También en Salamanca, Teresa Conde (56 años), no tuvo problemas para que su familia creyese su denuncia: que el fraile trinitario Domingo Ciordia Azcona abusó de ella durante dos años desde que ella tenía 14. “No se ha puesto en duda mi palabra, pero en mi entorno se me ha pedido que deje de quejarme”, dice Conde. Recientemente, un compañero de trabajo utilizó los abusos que sufrió cuando era adolescente para agredirla verbalmente. “La mayor parte de las víctimas se comen esta mierda solas. Cuando lo cuentas, tienes la espada de Damocles, con la autoridad que tiene la Iglesia, sobre ti. Conozco a víctimas que no han podido evitar caer en las drogas porque no encuentran otra manera de calmarse. Yo he tenido etapas en las que me quería suicidar, simplemente para tener algo de alivio”. Conde destaca la importancia de “hablar” del trauma que vivió: “Callados sufrimos mucho más”.

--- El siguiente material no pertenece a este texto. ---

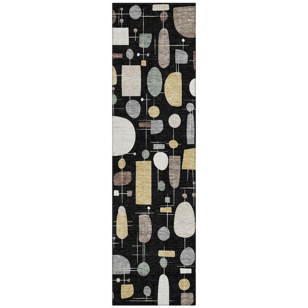 Chantille Machine Washable Indoor/Outdoor Abstract ACN2393 Black 2 ft. x 7 ft. Runner Rug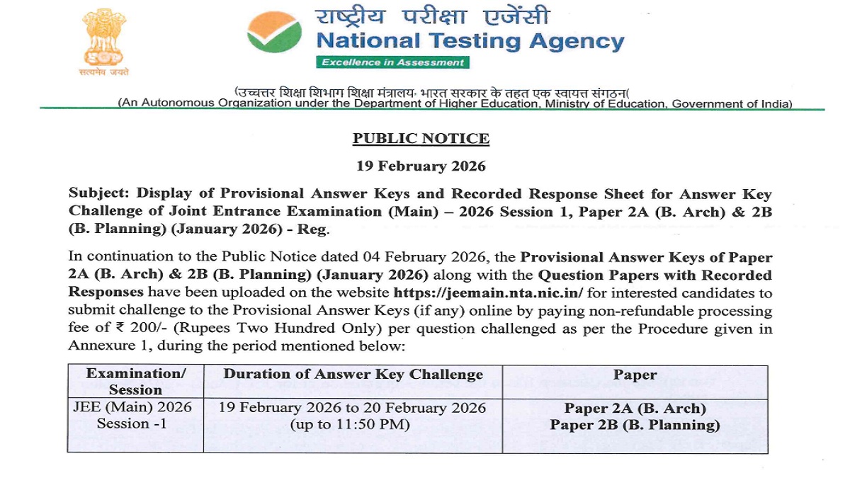 Canbdidates have also been given the opportunity to raise objections in JEE Main paper 2 answer key. Last date to challenge JEE Main BArch answer key 2026 is February 20 by 11:50 PM. They can submit JEE Main answer key challenges online by paying a non-refundable processing fee of INR 200 per question. The fee must be paid through Debit Card, Credit Card, or Net Banking by 20 February 2026 (up to 11:50 PM).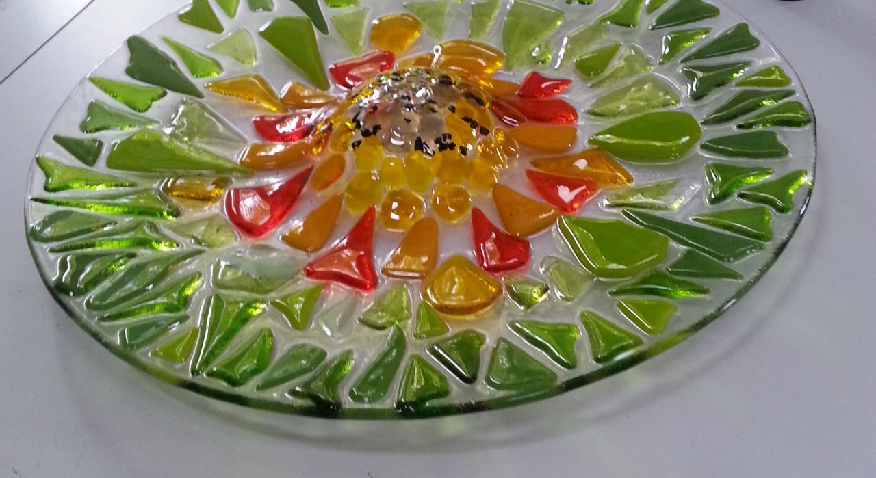 Grote ronde glazen schaal met bloemmotief, Bullseyeglass tackfusion met koper.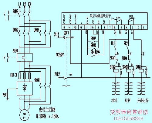 懸臂皮帶機控制如附圖所示:電動機主回路由斷路器9QM2,正反轉控制接觸器9KM2、9KM3,旁路運行接觸器9KM4,熱繼電器9EH1、半導體保護熔斷器FU1-3,軟起動器CMC-S組成(斗輪驅動電機單向運行其控制原理與懸臂皮帶機控制相同)。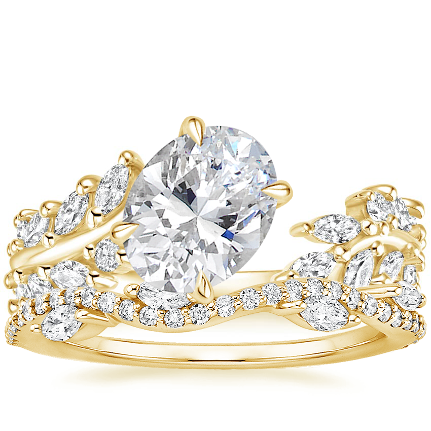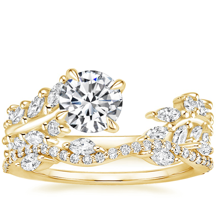 18K Yellow Gold Sweeping Ivy Diamond Ring (1/2 ct. tw.) with Luxe Winding Willow Diamond Ring (1/4 ct. tw.)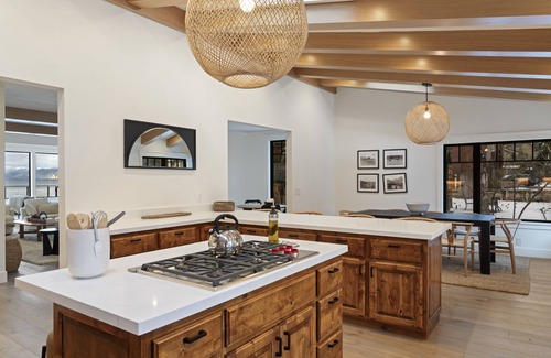Expansive views of the exceptionally beautiful Lake Tahoe!! Positioned directly on the lake with a private dock + buoy for summer boating. Newly renovated luxury 4 bedroom home with enormous shared spaces. Huge kitchen and dining area opens to huge living room. Modern, tasteful decor, with all new luxury furnishings to make you feel at home and inspired! You'll love our 38 x 19 ft Great Room with breathtaking wall to wall views of the lake. Wake and fall asleep looking at water! This huge common space boasts a wet bar, gas fireplace, game table, a 65" TV and comfy, cozy seating areas. The kitchen has ample counter tops and cabinets, a long peninsula bar with stools for four. A 3 x 8 foot table seats 8 or more! You'll appreciate the exceptional natural light throughout the house and enjoy walking barefoot on our beautiful hardwood floors, thanks to radiant floor heating!
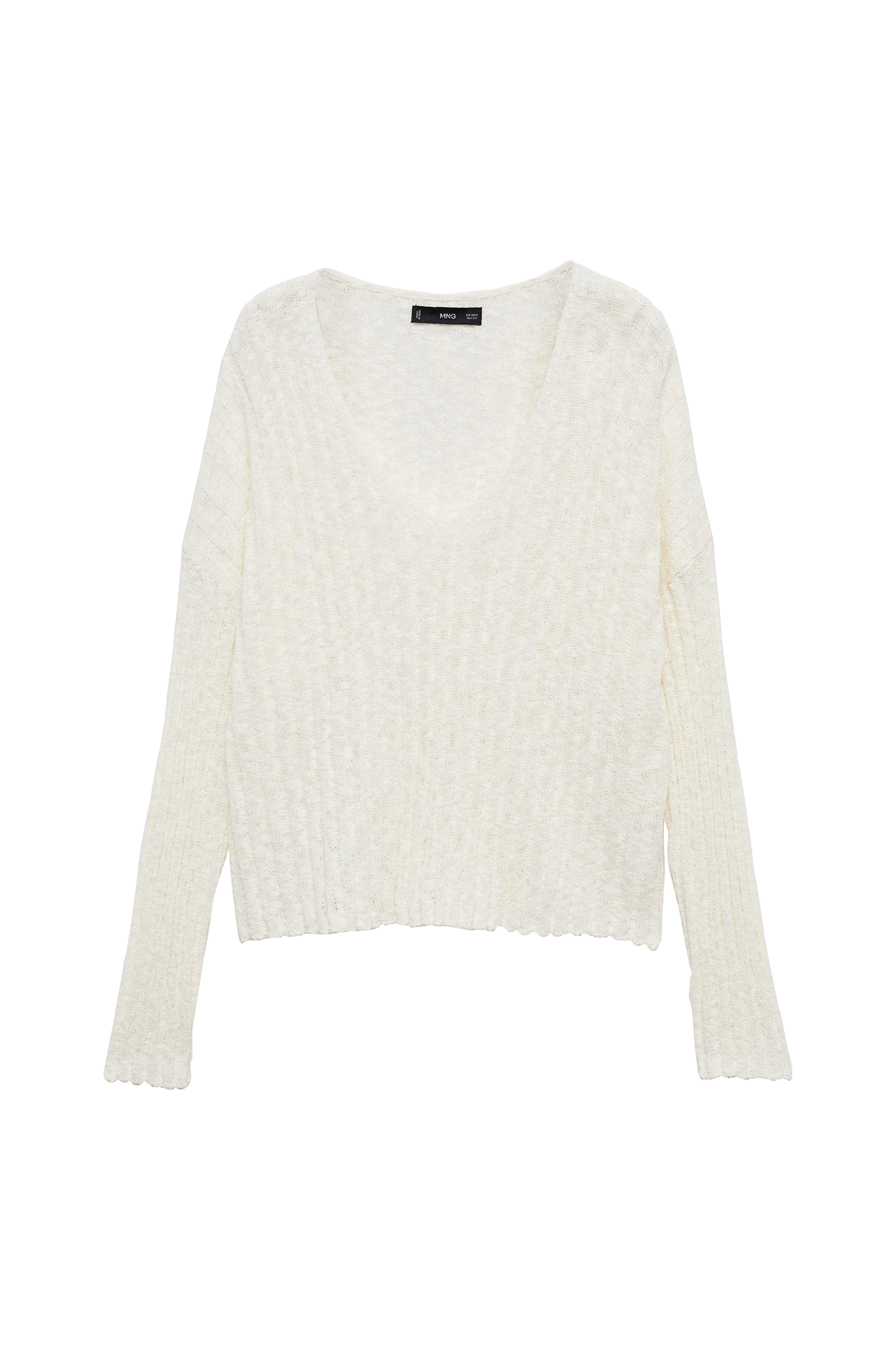 • Kort, ribstrikket model• V-formet halsudskæring• Nedsænket skulder med langt ærme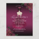 This elegant budget Quinceañera invitation features girl in plum purple gown with purple and gold floral accents. Back features purple and gold rose pattern. Easy to customise by clicking "Personalise".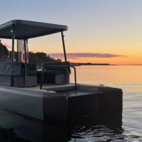 Swedish startup POL has unveiled POL Lux, a catamaran boat design with dual electric motors and a solar canopy that can covert into a private sleeping area.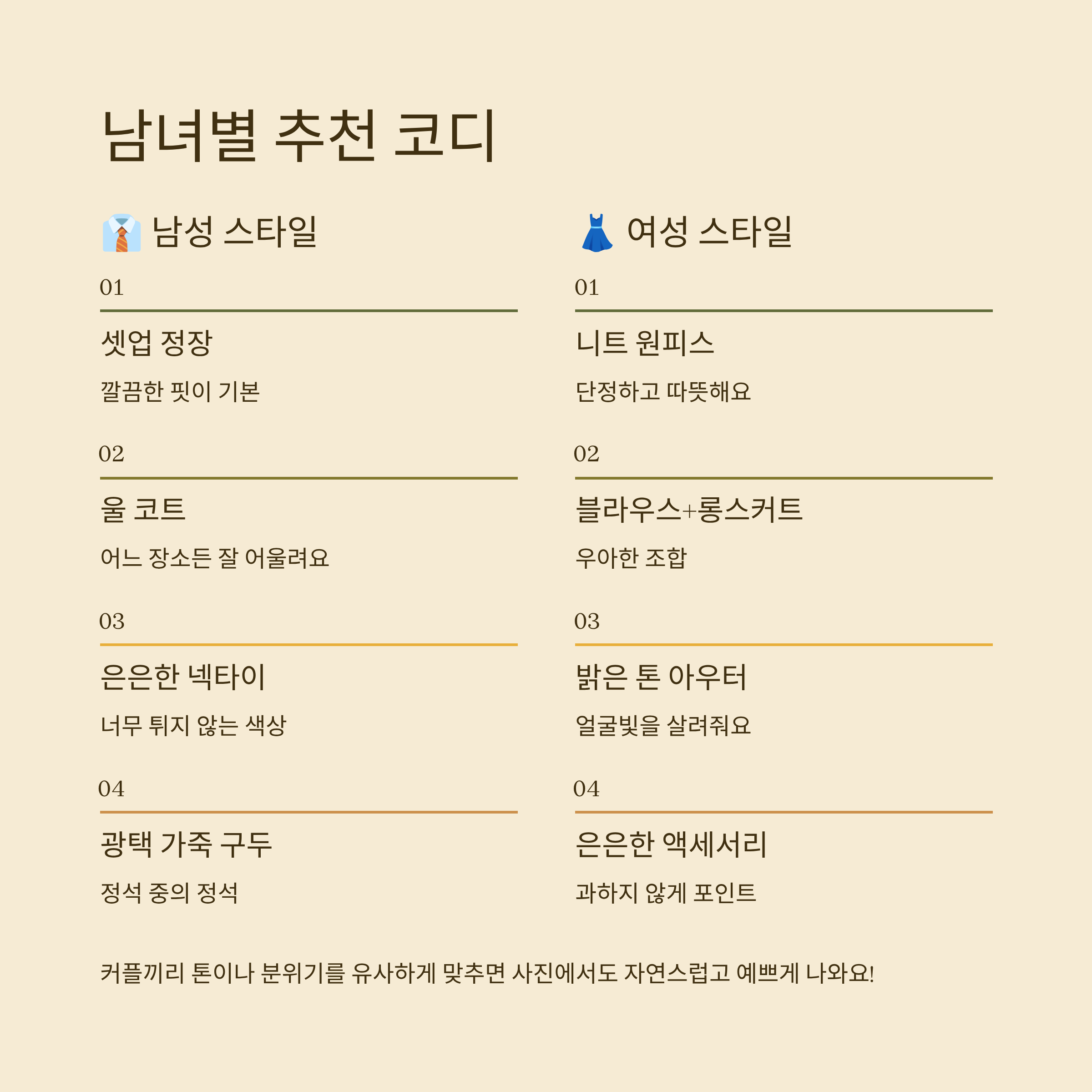 특히 커플끼리 너무 맞춰 입기보다는, 톤이나 분위기를 유사하게 맞추는 게 좋아요. 예를 들어 한 사람이 네이비 컬러를 입는다면 다른 사람은 아이보리나 베이지처럼 톤을 맞춰주면 돼요. 이렇게 하면 사진에서도 예쁘고 자연스럽게 나온답니다.

La importancia de contarlo
Los reproches que más reciben las víctimas, “por qué lo cuentas, no remuevas el pasado, por qué no lo dijiste antes”, son “una trampa”, opina la psicóloga especialista en abusos. Es inconcebible desde un punto de vista social y de justicia, pero aún menos desde una “perspectiva personal”. “La falta de apoyo en el entorno puede llegar a ser más traumática que el abuso en sí. La reparación de las víctimas exige que cuenten lo que les ha pasado y que no se ponga en duda su testimonio. Tardan en contarlo porque es muy difícil salir del shock de sufrir algo así siendo un niño. Comprender lo que te ha pasado es un proceso muy lento, que vas relatando poco a poco”, dice Medrano. Cuando una víctima de abusos no recibe ese apoyo sufre una “victimización secundaria”, es decir, “se vuelven a posicionar como víctimas”. “La incomprensión de los demás se refleja en ellos: les genera ansiedad, depresión, vergüenza, problemas de autoestima, culpabilidad...”, añade Medrano. Este proceso, explica la psicóloga, se da en otros tipos de violencia ejercida sobre las víctimas desde posiciones de poder con respaldo social: “En la violencia de género pasa exactamente lo mismo. Como vivimos en una sociedad machista, las mujeres saben que pueden ser señaladas por denunciar, que se dudará de su relato”.
Uno de los mayores temores de Fernando Aguado, de 59 años, víctima de abusos en el colegio de los jesuitas de Tudela (Navarra) a manos de Pedro Ulacia, era la reacción que tendría su entorno cuando lo contase. “Lo que más me bloqueaba era el miedo a qué dirían. Mentalmente, estaba preparado para que no me creyesen”, relata. Sin embargo, su entorno ha acogido su testimonio sin dudas ni ataques. “Me ha ayudado muchísimo. El apoyo que he recibido ha sido abrumador. Para las víctimas esto es importantísimo”.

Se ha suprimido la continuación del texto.